[Input data]
%%

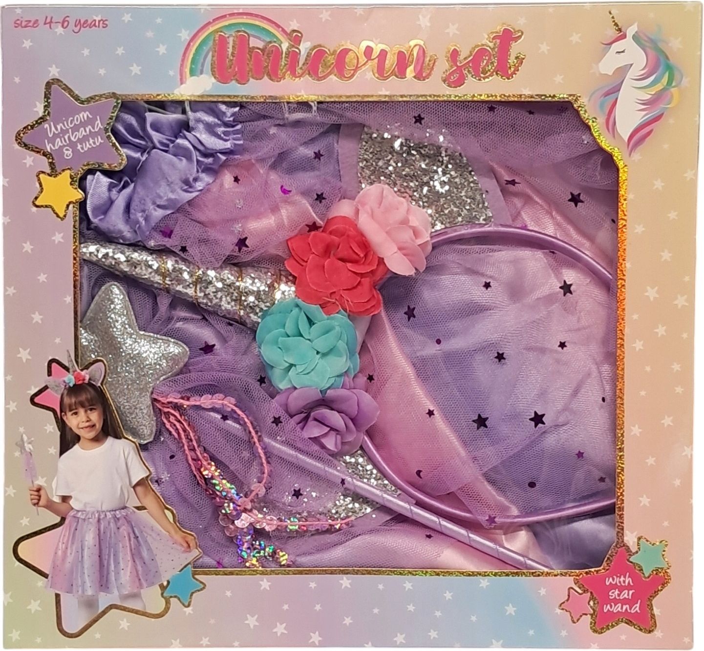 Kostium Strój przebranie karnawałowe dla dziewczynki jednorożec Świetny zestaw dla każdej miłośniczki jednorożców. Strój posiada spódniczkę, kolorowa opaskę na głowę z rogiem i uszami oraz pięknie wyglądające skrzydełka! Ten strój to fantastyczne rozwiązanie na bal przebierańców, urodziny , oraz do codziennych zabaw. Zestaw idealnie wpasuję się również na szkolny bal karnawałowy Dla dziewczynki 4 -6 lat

%%
%%

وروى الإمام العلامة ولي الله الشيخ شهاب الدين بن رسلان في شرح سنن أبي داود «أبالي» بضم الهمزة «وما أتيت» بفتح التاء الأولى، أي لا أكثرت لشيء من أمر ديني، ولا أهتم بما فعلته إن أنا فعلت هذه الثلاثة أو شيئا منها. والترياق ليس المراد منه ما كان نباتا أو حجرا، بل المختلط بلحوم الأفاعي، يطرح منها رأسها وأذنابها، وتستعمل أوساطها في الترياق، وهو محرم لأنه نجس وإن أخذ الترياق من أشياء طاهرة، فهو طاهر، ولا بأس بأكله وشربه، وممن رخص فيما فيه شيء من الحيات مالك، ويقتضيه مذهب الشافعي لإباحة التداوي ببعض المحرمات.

%%
%%

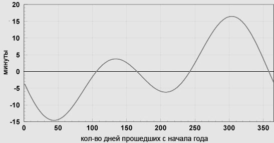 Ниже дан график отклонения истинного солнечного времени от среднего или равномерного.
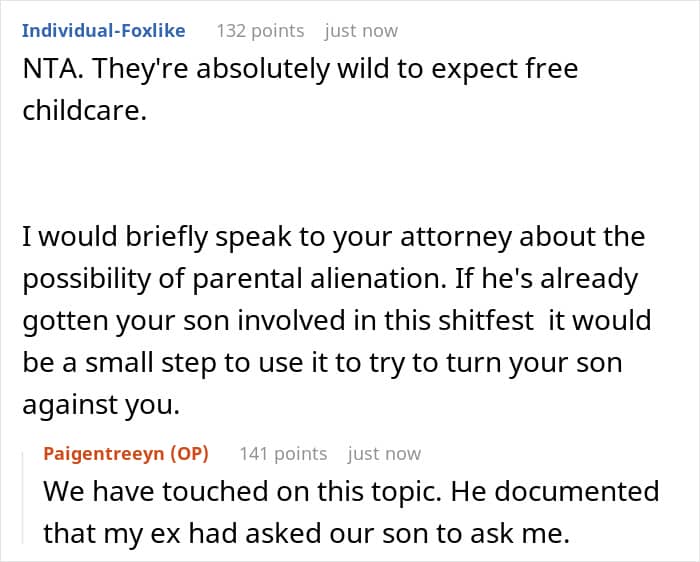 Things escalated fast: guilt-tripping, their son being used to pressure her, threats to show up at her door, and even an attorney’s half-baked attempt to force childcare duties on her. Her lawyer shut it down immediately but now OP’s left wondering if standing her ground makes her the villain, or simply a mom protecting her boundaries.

%%

[Instructions for the task] Above are some records; quote exactly and only the lines that begin at the line containing "Ниже дан график" and stop after the line containing "Things escalated fast: guilt-tripping, their", leaving out the pictures.

[Response]
 Ниже дан график отклонения истинного солнечного времени от среднего или равномерного.
 Things escalated fast: guilt-tripping, their son being used to pressure her, threats to show up at her door, and even an attorney’s half-baked attempt to force childcare duties on her. Her lawyer shut it down immediately but now OP’s left wondering if standing her ground makes her the villain, or simply a mom protecting her boundaries.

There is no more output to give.